Responding to the health risks of heat waves

| Constance McBarron
Kids cool off in a sprinkler on a hot day at a park as adults look on.

During a heat wave in the Seattle area, kids cooled off with sprinklers at Lake Burien School Memorial Park. Photo: Michael B./Flickr.

DEOHS researchers analyze public health impacts of climate change in light of this summer’s extreme heat

 

The extreme heat wave that hit the Pacific Northwest this summer made news not only for its record-breaking temperatures, but also for the tragic loss of human life.

“People have recognized that this might happen in theory, but I don’t think they expected it to happen,” said Dr. Jeremy Hess in a recent interview with The Guardian. “They certainly didn’t expect it to happen now, and they didn’t expect it to be this bad.”

Hess is a professor in the UW Departments of Environmental & Occupational Health Sciences (DEOHS), Global Health and Emergency Medicine, and the director of the UW Center for Health and the Global Environment (CHanGE).

Extreme heat has recently devastated other regions as well—temperatures in Greece reached 47 ℃ in early August, and Sicily hit Europe’s heat record of 48.7 ℃.

Portrait of Jeremy Hess.
DEOHS Professor Jeremy Hess.

Heat waves propelled by climate change

The unprecedented heat event in North America was “virtually impossible without human-caused climate change,” according to a new study by Kristie Ebi, a professor in DEOHS, Global Health and CHanGE, and international researchers from the initiative World Weather Attribution.

“This study is telling us climate change is killing people,” Ebi recently told the Associated Press. “It will be many months before a death toll can be calculated from June’s blast of heat, but it’s likely to be hundreds or thousands.”

The scientists analyzed current observational data and computer simulations to compare today’s climate with the climate of the past. They note two possible explanations for how climate change made the recent heat wave more likely to occur.

In both scenarios, as warming continues, the scientists predict extreme and dangerous heat waves will be much more common.

Learn more about heat and health

Portrait of Kristie Ebi.
DEOHS Professor Kristie Ebi.

On August 24, Ebi will be featured in the Lancet Series on Heat and Health, including two published articles and a global webinar on the papers’ findings.

This series integrates knowledge from epidemiology, physiology, medicine, climate science, the built environment and sustainable development to help explain how the recent heat wave could impact public health and policy going forward.

On August 26, Ebi and Hess will join Peter Berry, adjunct professor at Columbia University and senior policy analyst and science adviser for Health Canada, for the webinar Climate and Health Rapid Response: Heatwaves in the Northwest. They will discuss emerging impacts to health and health system, the climate science behind the event and opportunities for bolstering public health response.

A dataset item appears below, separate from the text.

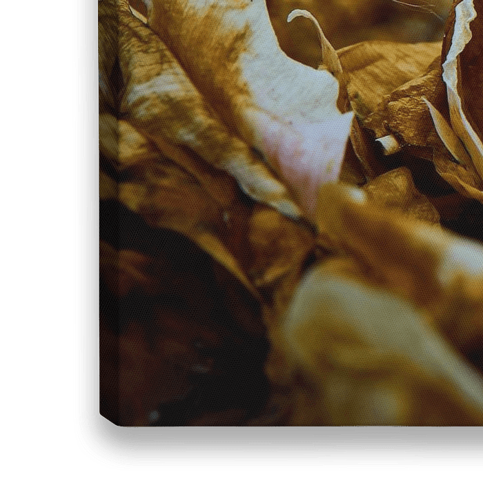 Het zijn de overblijfselen van een pioenroos. De pioenrozen zijn een week in een zinken bak met water gelegd om dit resultaat te krijgen. De bloemen en het water vormen een zwarte substantie met delen van de bloem die er uitsteken. Het hart van de bloem gaat het snelst ten onder en zuigt de rest van de bloem mee de vergetelheid in. De bloembladeren van een pioenroos zijn nagenoeg onherkenbaar geworden en is de natuur verworden tot een abstractie.

Preparing to prevent heat-related deaths

While this summer’s heat has been both serious and unexpected, there is also good news: as we mitigate the effects of climate change, we also have the tools to adapt.

“In the United States, heat-related mortality is the number one weather-related killer, yet nearly all of those deaths are preventable,” said Ebi.

“Heat action plans can reduce current and future heat-related morbidity and mortality by increasing preparedness for heat emergencies, including heat wave early warning and response systems, and by prioritizing modifications to our built environment so that a warmer future does not have to be deadly.”